Los fenómenos que acontecen en los espacios en los que se desarrollan las prácticas musicoterapéuticas, en tanto comprendidos como estéticos, como la música, adquieren su carnadura significante en los interactos de enlazamiento productivo entre esos agenciamientos deleuzianos que soportan operaciones de producción y que escuchan, es decir, sujetos. Que se tornan visibles, que delinean sus contornos, sus voces, sus deseos en el interior de una trama capaz de inauguraciones, luego instituciones y acaso también de revoluciones.
El modelo como disciplinamiento social
El desarrollo de prácticas de intervención en Musicoterapia ha sido dispar en el mundo, tanto por sus fundamentos teóricos, como por su aplicación en diferentes poblaciones y culturas o el apoyo económico recibido para investigación y aplicación concreta.
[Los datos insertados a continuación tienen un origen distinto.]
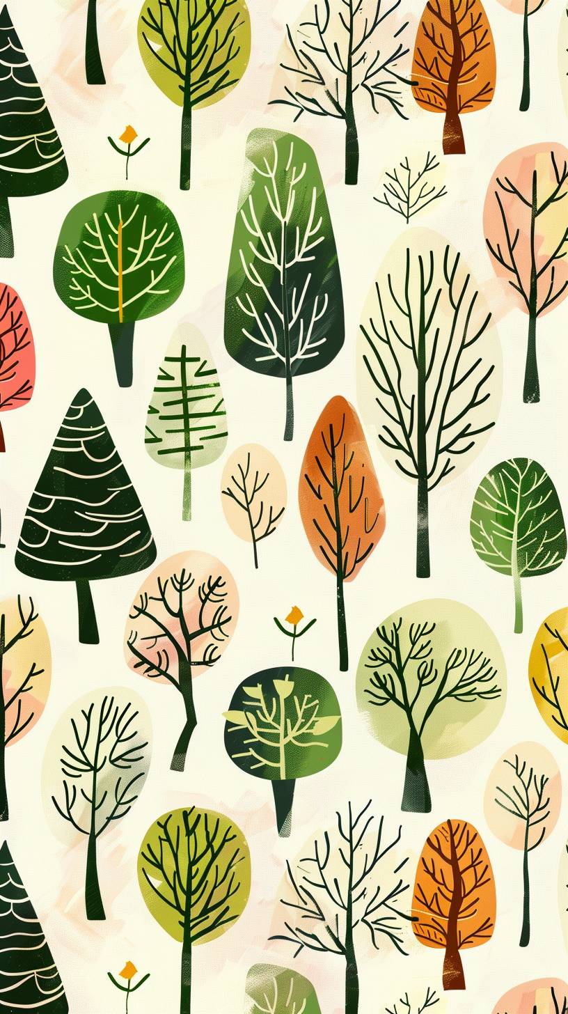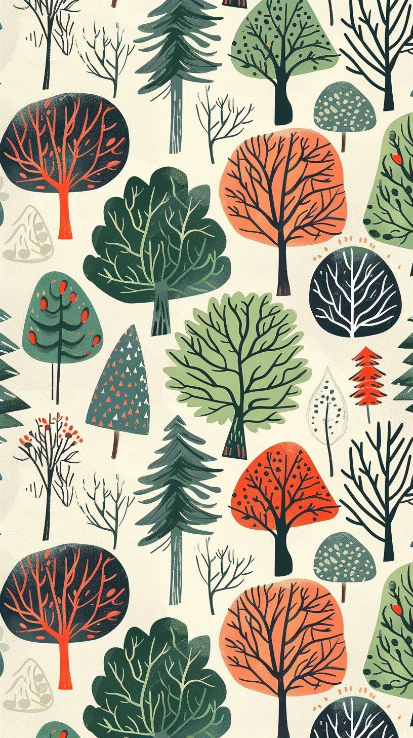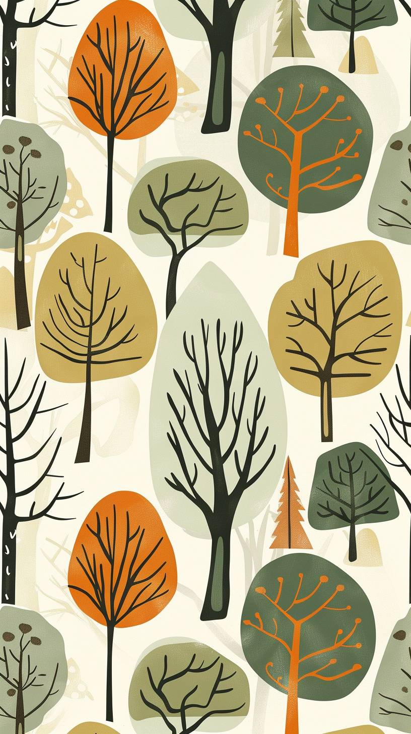 a mid century style illustration of British Trees pattern, --ar 9:16 --stylize 50 --v 6.0

Los esfuerzos de los colegas por reunir, unificar, generalizar y, por qué no, hegemonizar, han tenido sus frutos concretos en una definición “oficial” de nuestra práctica que se revisa periódicamente:
La musicoterapia es el uso profesional de la música y sus elementos como una intervención en ambientes médicos, educativos y cotidianos con individuos, grupos, familias o comunidades buscando optimizar su calidad de vida, y mejorar su salud física, social, comunicativa, emocional e intelectual y su bienestar general. La investigación, la práctica, la educación y la instrucción clínica en la musicoterapia se basan en estándares profesionales acordes a cada contexto cultural, social y político (WFMT, 2011)
Esta definición, avalada por la World Federation of Music Therapy (WFMT), como toda definición generada en una organización de aspiraciones globales, universalistas y generalizadoras, apela a la más rigurosa de las tibiezas para contemporizar divergencias teóricas, técnicas y políticas de sus miembros y representados, eludiendo menciones que pudieren producir asperezas, objeciones o exclusiones. Nos es necesario entonces profundizar en aspectos técnicos, teóricos y políticos vinculados a la salud, especialmente en un enfoque del abordaje clínico que piense a la subjetividad como producción de una diferencia posible y necesaria, como emergiendo o mejor, aconteciendo en un borde decisorio y atravesada, condicionada, por la pluralidad de las relaciones sociales, como menciona Elorza (2010), siguiendo a Laclau. En esta línea de trabajo es que la noción de discurso en el ejercicio clínico de la Musicoterapia se constituye en el núcleo del entramado teórico en el que se basan nuestras prácticas y desde donde decimos, siguiendo a Claudia Banfi (2011), que todo modelo es una situación disciplinante que invitamos a discutir.